Items from a dataset
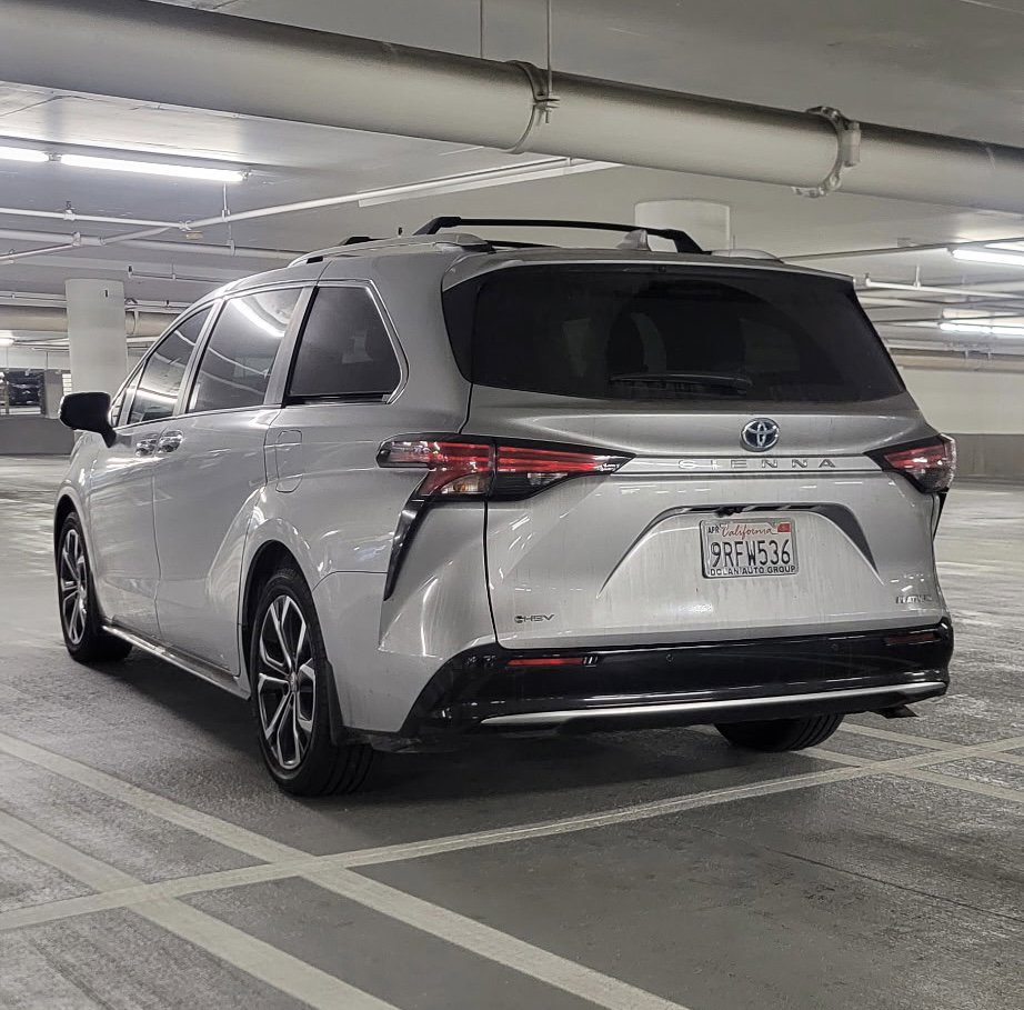 This 2025 Silver Toyota Sienna Platinum FWD is well equipped and includes these features and benefits: 2.5L I4 Hybrid w/VVT-iE DOHC 16V, 12 Speakers, 3rd row seats: split-bench, 4-Wheel Disc Brakes, ABS brakes, Air Conditioning, Alloy wheels, AM/FM radio: SiriusXM, Apple CarPlay/Android Auto, Auto High-beam Headlights, Auto-dimming door mirrors, Auto-dimming Rear-View mirror, Automatic temperature control, Brake assist, Bumpers: body-color, Chrome wheels, Compass, Delay-off headlights, Driver door bin, Driver vanity mirror, Driver's Seat Mounted Armrest, Dual front impact airbags, Dual front side impact airbags, Electronic Stability Control, Emergency communication system: Safety Connect (3-year trial), Exterior Parking Camera Rear, Four wheel independent suspension, Front anti-roll bar, Front Bucket Seats, Front dual zone A/C, Front fog lights, Front Heated Bucket Seats, Front reading lights, Fully automatic headlights, Garage door transmitter: HomeLink, Heads-Up Display, Heated door mirrors, Heated front seats, Heated rear seats, Heated steering wheel, Illuminated entry, Knee airbag, Lane Departure Warning System, Leather Seat Material, Leather Shift Knob, Leather steering wheel, Low tire pressure warning, Memory seat, Navigation System, Occupant sensing airbag, Outside temperature display, Overhead airbag, Overhead console, Panic alarm, Passenger door bin, Passenger seat mounted armrest, Passenger vanity mirror, Power door mirrors, Power driver seat, Power Liftgate, Power moonroof, Power passenger seat, Power steering, Power windows, Radio data system, Radio: Toyota JBL Audio with Navigation, Rain sensing wipers, Rear air conditioning, Rear anti-roll bar, Rear dual zone A/C, Rear reading lights, Rear side impact airbag, Rear window defroster, Rear window wiper, Reclining 3rd row seat, Remote keyless entry, Speed control, Speed-sensing steering, Split folding rear seat, Spoiler, Steering wheel memory, Steering wheel mounted audio controls, Tachometer. Priced below KBB Fair Purchase Price! CARFAX One-Owner. Odometer is 1689 miles below market average!
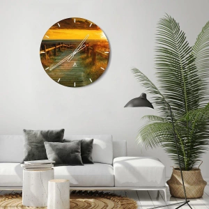 O relógio é feito de vidro durável de 4 mm de espessura. O vidro retém as cores naturais da impressão
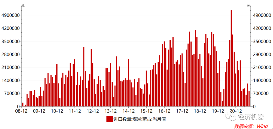 圖10:2021年蒙古煤炭進(jìn)口:過于嚴(yán)厲的通關(guān)政策下持續(xù)下滑
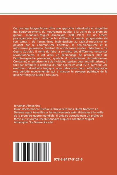 Cet ouvrage biographique offre une approche individuelle et singulière des bouleversements du mouvement ouvrier à la veille de la première guerre mondiale. Miguel Almereyda (1883-1917) est un ardent propagandiste ayant véhiculé les différents courants progressistes de son temps : de l anarchisme individualiste au radical-socialisme en passant par le communisme libertaire, le néo-blanquisme et le réformisme jauressiste. Pendant de nombreuses années, rédacteur à "La Guerre Sociale", il tente de faire la synthèse des différentes tendances révolutionnaires. Il est alors un personnage de premier plan de l extrême-gauche parisienne, symbole du romantisme révolutionnaire. Condamné et emprisonné à de multiples reprises pour antimilitarisme, il finit par défendre la politique d'Union Sacrée en août 1914. Derrière une évolution individuelle tragique, nous retrouvons dans cette biographie une période mouvementée qui a marqué le paysage politique de la gauche française jusqu à nos jours.
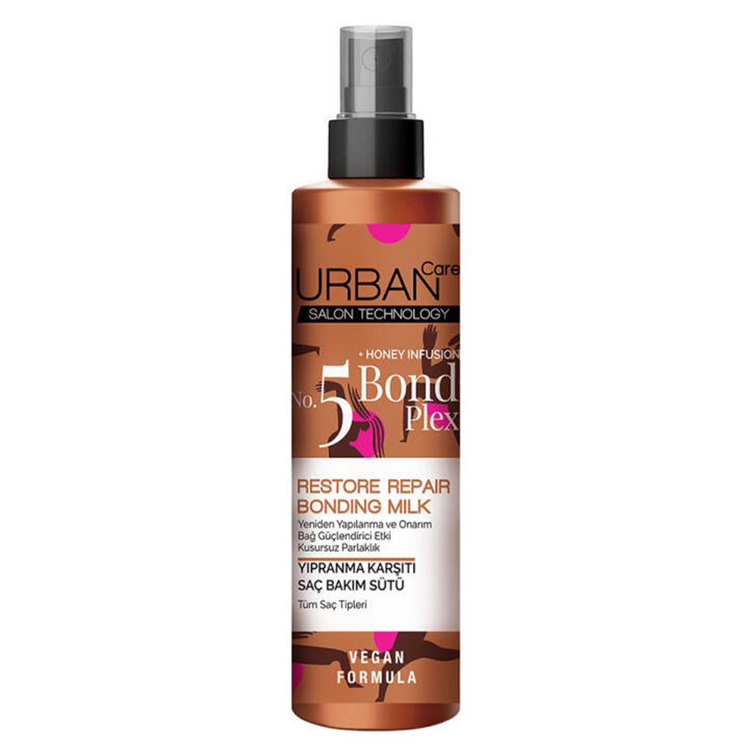 Urban Care Honey Infusion No.5 Bond Plex Restore Repair Bonding Milk Hair Spray is expertly developed with bond strengthening formula supported by honey content that moisturizes hair strands and combats hair damage and frizziness. It hydrates the hair without weighing down and helps to repair damage by penetrating hair strands. Formulated with bond strengthening content and honey. Honey has both emollient and humectant properties, making it a great hair moisturizer. Emollients smooth the hair follicles, adding shine to dull hair. Humectants bond with water molecules, adding moisture to dry strands. By moisturizing and locking in shine, it can help restore the natural luster of your hair. When the open bonds in the hair are closed with the bond-strengthening content of the Bond Plex series, it retains moisture and the nourishing effect of the Honey content and helps the hair to be moisturized, look soft and shiny, and prevent color fading in the hair. With its special bond-strengthening technology, it strengthens excessively damaged hair strands and extends the life of hair prone to breakage. It increases hair elasticity, heals split ends thanks to its nourishing effect and protects them before heat and chemical processes. Hair bonds are strengthened and protected against chemical processes such as high-heat styling, dyeing, and damage caused by environmental factors, and it has a stronger structure. Urban Care Urban Care Honey Infusion No.5 Bond Plex Restore Repair Bonding Milk Hair Spray is an innovative approach to hair repair and its ability to significantly improve the condition of damaged hair. It contains no paraben, silicone or sulfates and it is vegan, and cruelty free formula packed in a recyclable packaging.

• Exercise objective
Could you copy all of the entries above exactly, without the pictures?

• Answer section
 This 2025 Silver Toyota Sienna Platinum FWD is well equipped and includes these features and benefits: 2.5L I4 Hybrid w/VVT-iE DOHC 16V, 12 Speakers, 3rd row seats: split-bench, 4-Wheel Disc Brakes, ABS brakes, Air Conditioning, Alloy wheels, AM/FM radio: SiriusXM, Apple CarPlay/Android Auto, Auto High-beam Headlights, Auto-dimming door mirrors, Auto-dimming Rear-View mirror, Automatic temperature control, Brake assist, Bumpers: body-color, Chrome wheels, Compass, Delay-off headlights, Driver door bin, Driver vanity mirror, Driver's Seat Mounted Armrest, Dual front impact airbags, Dual front side impact airbags, Electronic Stability Control, Emergency communication system: Safety Connect (3-year trial), Exterior Parking Camera Rear, Four wheel independent suspension, Front anti-roll bar, Front Bucket Seats, Front dual zone A/C, Front fog lights, Front Heated Bucket Seats, Front reading lights, Fully automatic headlights, Garage door transmitter: HomeLink, Heads-Up Display, Heated door mirrors, Heated front seats, Heated rear seats, Heated steering wheel, Illuminated entry, Knee airbag, Lane Departure Warning System, Leather Seat Material, Leather Shift Knob, Leather steering wheel, Low tire pressure warning, Memory seat, Navigation System, Occupant sensing airbag, Outside temperature display, Overhead airbag, Overhead console, Panic alarm, Passenger door bin, Passenger seat mounted armrest, Passenger vanity mirror, Power door mirrors, Power driver seat, Power Liftgate, Power moonroof, Power passenger seat, Power steering, Power windows, Radio data system, Radio: Toyota JBL Audio with Navigation, Rain sensing wipers, Rear air conditioning, Rear anti-roll bar, Rear dual zone A/C, Rear reading lights, Rear side impact airbag, Rear window defroster, Rear window wiper, Reclining 3rd row seat, Remote keyless entry, Speed control, Speed-sensing steering, Split folding rear seat, Spoiler, Steering wheel memory, Steering wheel mounted audio controls, Tachometer. Priced below KBB Fair Purchase Price! CARFAX One-Owner. Odometer is 1689 miles below market average!
 O relógio é feito de vidro durável de 4 mm de espessura. O vidro retém as cores naturais da impressão
 圖10:2021年蒙古煤炭進(jìn)口:過于嚴(yán)厲的通關(guān)政策下持續(xù)下滑
 Cet ouvrage biographique offre une approche individuelle et singulière des bouleversements du mouvement ouvrier à la veille de la première guerre mondiale. Miguel Almereyda (1883-1917) est un ardent propagandiste ayant véhiculé les différents courants progressistes de son temps : de l anarchisme individualiste au radical-socialisme en passant par le communisme libertaire, le néo-blanquisme et le réformisme jauressiste. Pendant de nombreuses années, rédacteur à "La Guerre Sociale", il tente de faire la synthèse des différentes tendances révolutionnaires. Il est alors un personnage de premier plan de l extrême-gauche parisienne, symbole du romantisme révolutionnaire. Condamné et emprisonné à de multiples reprises pour antimilitarisme, il finit par défendre la politique d'Union Sacrée en août 1914. Derrière une évolution individuelle tragique, nous retrouvons dans cette biographie une période mouvementée qui a marqué le paysage politique de la gauche française jusqu à nos jours.
 Urban Care Honey Infusion No.5 Bond Plex Restore Repair Bonding Milk Hair Spray is expertly developed with bond strengthening formula supported by honey content that moisturizes hair strands and combats hair damage and frizziness. It hydrates the hair without weighing down and helps to repair damage by penetrating hair strands. Formulated with bond strengthening content and honey. Honey has both emollient and humectant properties, making it a great hair moisturizer. Emollients smooth the hair follicles, adding shine to dull hair. Humectants bond with water molecules, adding moisture to dry strands. By moisturizing and locking in shine, it can help restore the natural luster of your hair. When the open bonds in the hair are closed with the bond-strengthening content of the Bond Plex series, it retains moisture and the nourishing effect of the Honey content and helps the hair to be moisturized, look soft and shiny, and prevent color fading in the hair. With its special bond-strengthening technology, it strengthens excessively damaged hair strands and extends the life of hair prone to breakage. It increases hair elasticity, heals split ends thanks to its nourishing effect and protects them before heat and chemical processes. Hair bonds are strengthened and protected against chemical processes such as high-heat styling, dyeing, and damage caused by environmental factors, and it has a stronger structure. Urban Care Urban Care Honey Infusion No.5 Bond Plex Restore Repair Bonding Milk Hair Spray is an innovative approach to hair repair and its ability to significantly improve the condition of damaged hair. It contains no paraben, silicone or sulfates and it is vegan, and cruelty free formula packed in a recyclable packaging.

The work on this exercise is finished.